We focused on trimethylamine- N-oxide (TMAO) because most of its production in the body relies on the gut microbiome, and because it has attracted attention in recent years due to its potential association with heart disease and other health conditions. We also mentioned two other metabolites (lipoteichoic acid and deoxycholic acid) since it has been reported that these metabolites, like TMAO, can induce senescence in certain cells. We have now added in section 3.1 at lines 143-149 other metabolites that are produced by senescent cells and may be indirectly/directly related to microbiome alterations.

  1. In the conclusions, the authors could point out the differences between mouse and human diet (see also above) and their microbiota.

Unfortunately, in this perspective article, we cannot address all the differences between mouse and human diet in their full extent. However, we have added a sentence at line 356-360 to acknowledge our awareness of this limitation. Certainly, there are several differences between the diets and gut microbiota of mice (rodents) and humans that can have significant implications when studying mouse models and translating findings to humans.

  1. References.
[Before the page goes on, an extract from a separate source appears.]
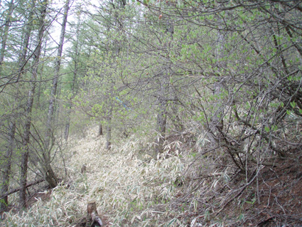 ![]() つぼみが膨らんだ 唐松の新芽 所用で栃木県へ 其処で・・・月末の下見と言う事で・・・ 先月訪れた丹勢山へ一つ走り 蕾も見れなかったツツジは大きく膨らんでました ![]() 新緑の木々 藪道 沼ノ平に在る分岐まで車で行き一周コースを回った (時間制約在り) ![]() 登山道の様子 山頂直下に在ったタラノメ 先月と違い緑に変わる山肌・・・ 登山者には会わないが山菜採りで山に入ってる人が多かった ![]() ムラサキヤシオツツジ 花びらが落ちてる ムラサキヤシオツツジは盛りが過ぎて花が落ちてます 長靴で足早に歩くSeiの足下にはピンクの花びらが! ![]() 山頂 誰も居ない山頂 ムラサキヤシオツツジが山肌を飾る 山頂近くにあるヤシオツツジは色が鮮やかでした ![]() ボケの花・・・? 分岐 林道を駆け下りるとボケの花が咲いてます ![]() 林道の様子 野鳥が寄ってきました 登りは笹の藪道を上り 下りは林道です そこに黄色い色の小さな野鳥が寄ってきましたデジカメで此処まで撮れたのは初めてだ!(嬉しい) ![]() 古河電工社宅のツツジ 先月訪れた時に車をデポした古河電工社宅のツツジはご覧のように盛りです しかし山菜採りをしてた地元の方に丹勢山のツツジはいつ頃盛りか聞きましたところ 二週間後との事でした。 戻る |

The original references demonstrating the local spread of senescence in vitro (Nelson et al Aging Cell 2012) and both in vitro and in vivo (Acosta et al Nature Cell Biology 2013) should be cited.

We have added the references in the text at line 29.

Round 2

Reviewer 1 Report

Please see attached document

Comments for author File: Comments.pdf

Minor editing of English language required

Author Response

We have done a full spell check and corrected various minor typos (including one in Figure 2). Many thanks for this further suggestion.